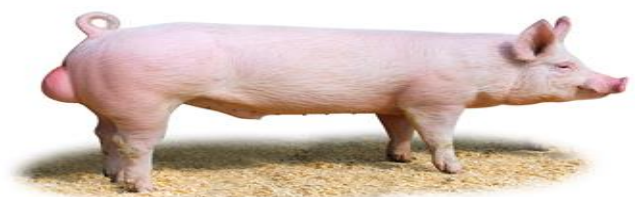
Large white boar

This system of cross – breeding is called “criss – cross” breeding
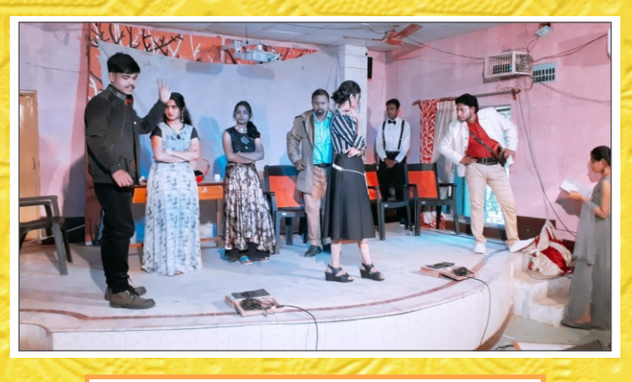
Drama Performed by Students
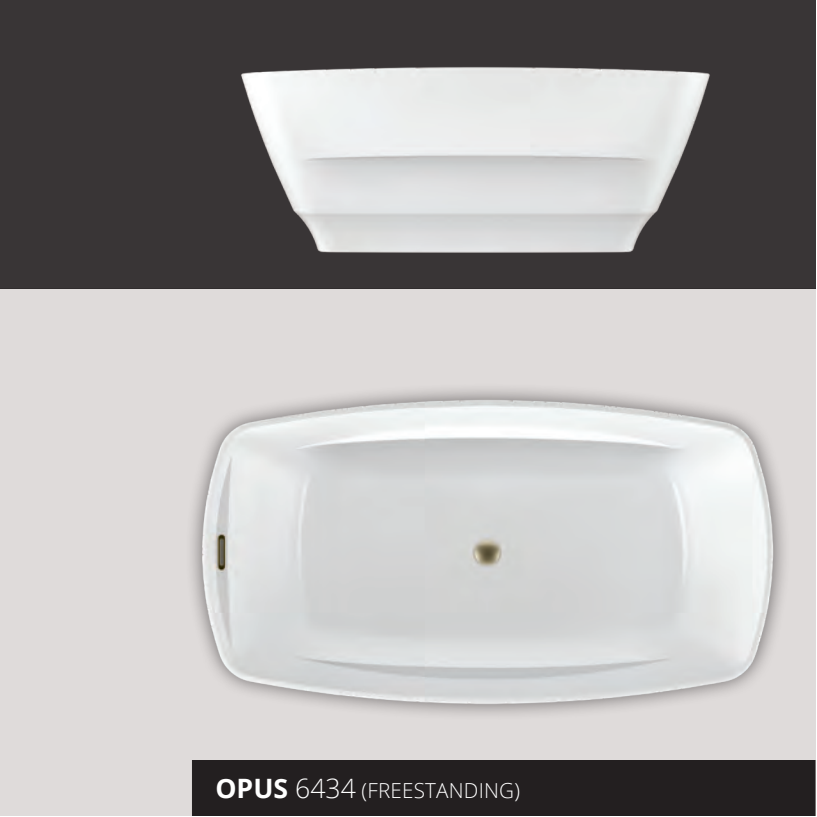
OPUS 6434 (FREESTANDING)

## [Assigned task]
Your task is to retype exactly the lines that run from the line with "This system of" through the last line of the material, with the pictures left out.

## [Answer]
This system of cross – breeding is called “criss – cross” breeding
Drama Performed by Students
OPUS 6434 (FREESTANDING)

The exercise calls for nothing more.